Construct a dictionary of element values

element_values

element_values = SymMNA.get_part_values(network_df)
element_values

\(\displaystyle \left\{ C_{1} : 0.333333333333333, \ C_{2} : 0.5, \ I_{1} : 1.0, \ L_{1} : 2.0, \ L_{2} : 3.0, \ R_{1} : 6.0, \ R_{2} : 6.0, \ R_{3} : 6.0\right\}\)

#NE = NE_sym.subs({L1:2, L2:3, R1:6, R2:6, C1:1/3, I1:-1-1j, s:1j})
NE = NE_sym.subs({s:1j,I1:-1-1j})
NE = NE.subs(element_values)
NE

\(\displaystyle \left[\begin{matrix}I_{L2} + 0.333333333333333 i v_{1} - 0.333333333333333 i v_{2}\\I_{L1} - 0.333333333333333 i v_{1} + v_{2} \cdot \left(0.333333333333333 + 0.333333333333333 i\right) - 0.166666666666667 v_{3}\\- I_{L2} - 0.166666666666667 v_{2} + v_{3} \cdot \left(0.333333333333333 + 0.5 i\right)\\- 2.0 i I_{L1} + v_{2}\\- 3.0 i I_{L2} + v_{1} - v_{3}\end{matrix}\right] = \left[\begin{matrix}-1.0 - 1.0 i\\0\\0\\0\\0\end{matrix}\right]\)

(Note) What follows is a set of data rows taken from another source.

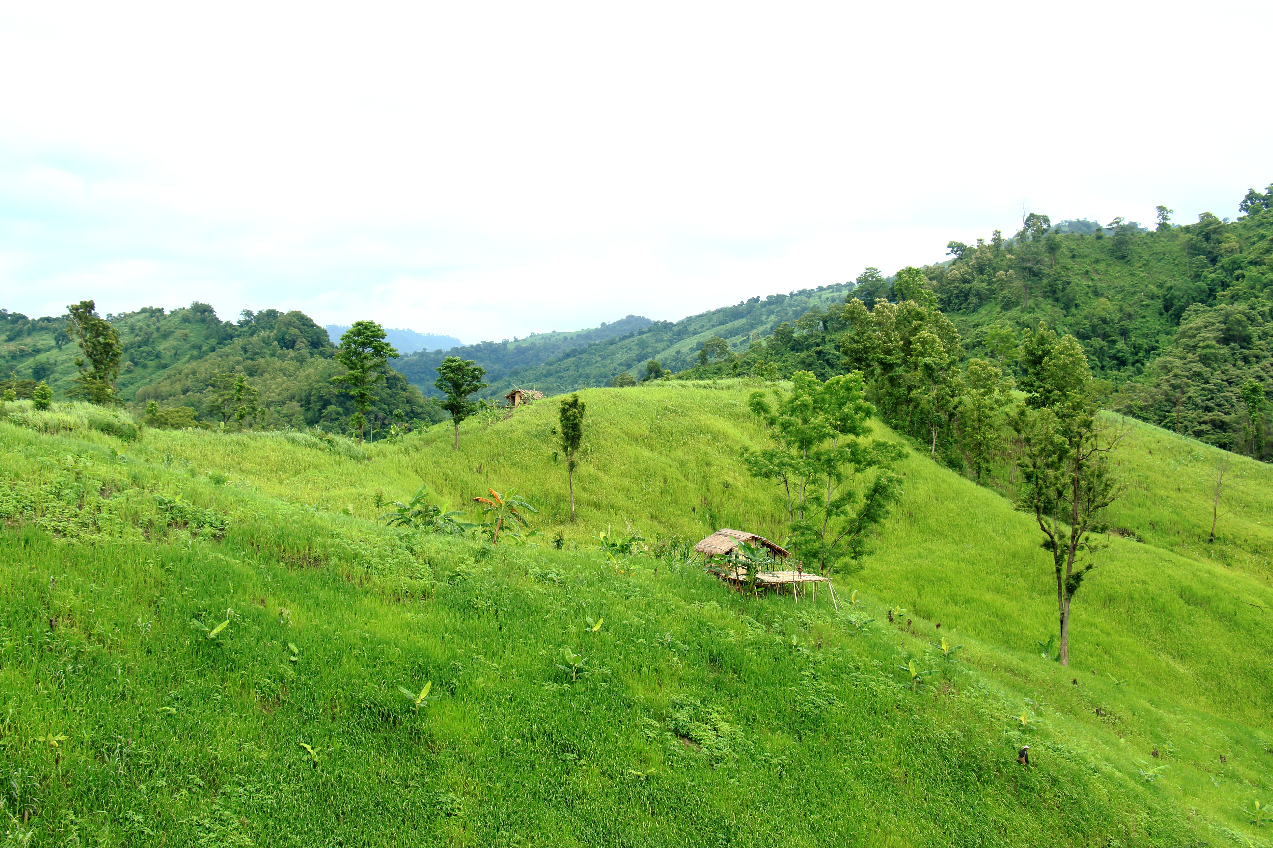 Ruma Upazila on the way to boga lake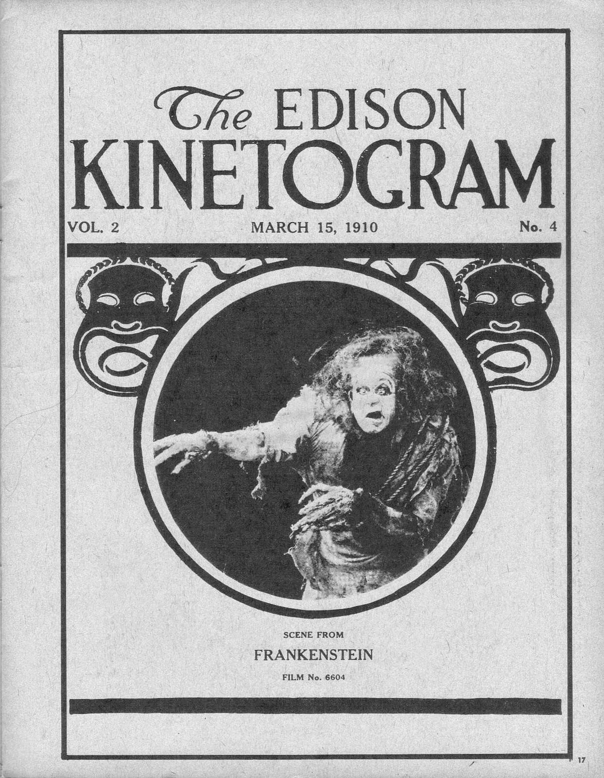 The Edison Kinetogram Catalogue featuring a still from Wikipedia:Frankenstein (1910 film)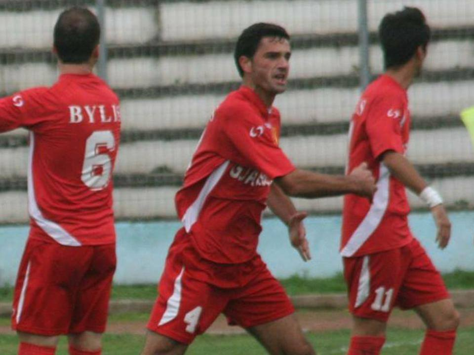 Bruno Kepi scores the winning goal.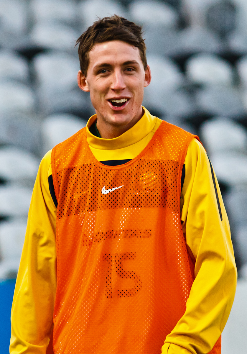 Scott Neville warming up for the Australian Olympic Football team in 2011 at Gosford, New South Wales.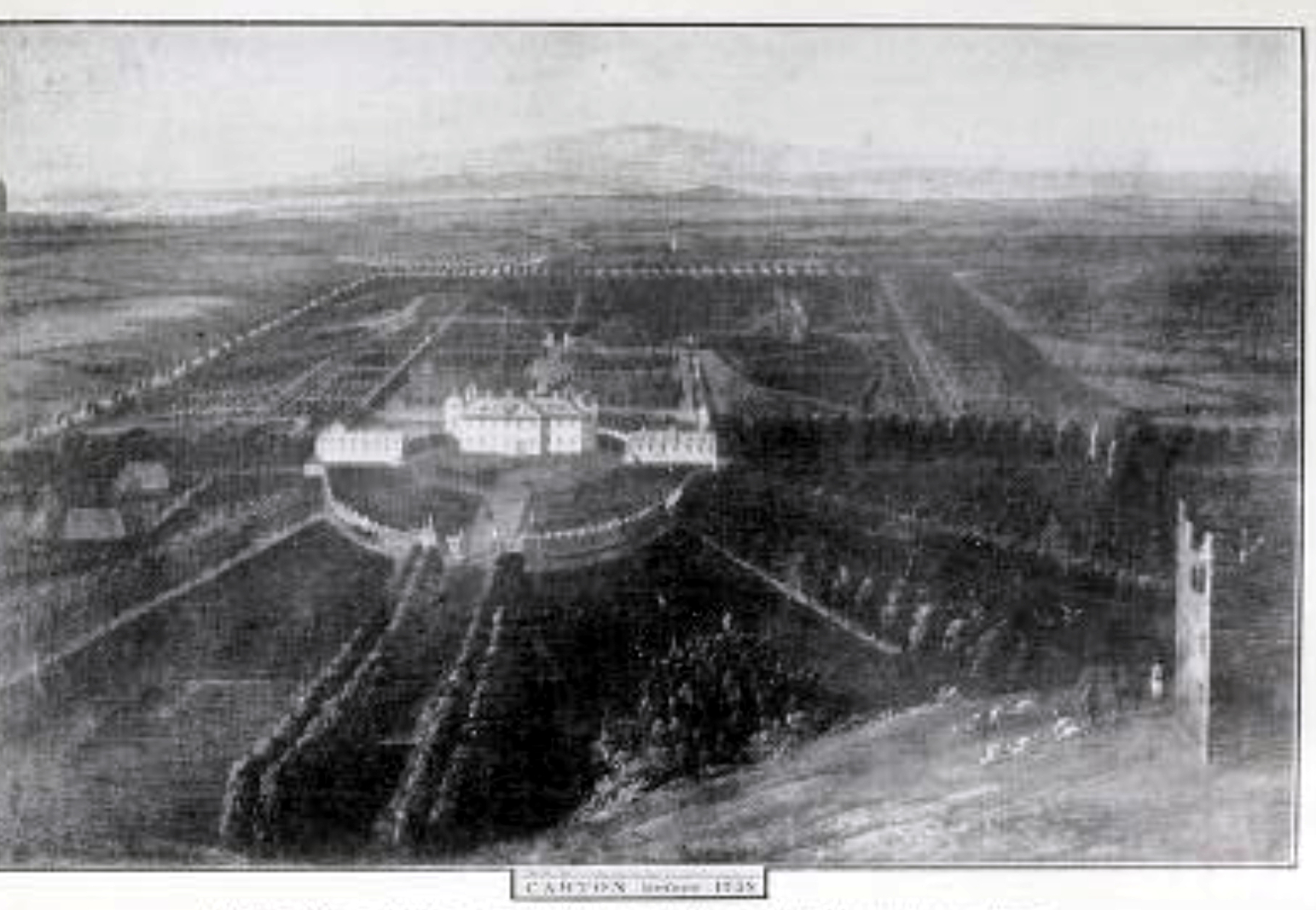 Print of a view of Carton Demesne, early 18th century, reproduced in Kildare Archaeological Society Journal, 1902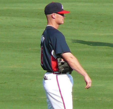 If used somewhere other than Wikipedia, Nelson, by name. 03:44, 20 September 2009 . . Chrisjnelson . . 450×433 (180 KB)

Solving the system of equations for v3 using the SymPy solve function.

U = solve(NE,X)
U[v3]

\(\displaystyle 3.0 i\)

The value obtained by solving the system equations for the complete network agrees with the Thevenin equivalent circuit solution.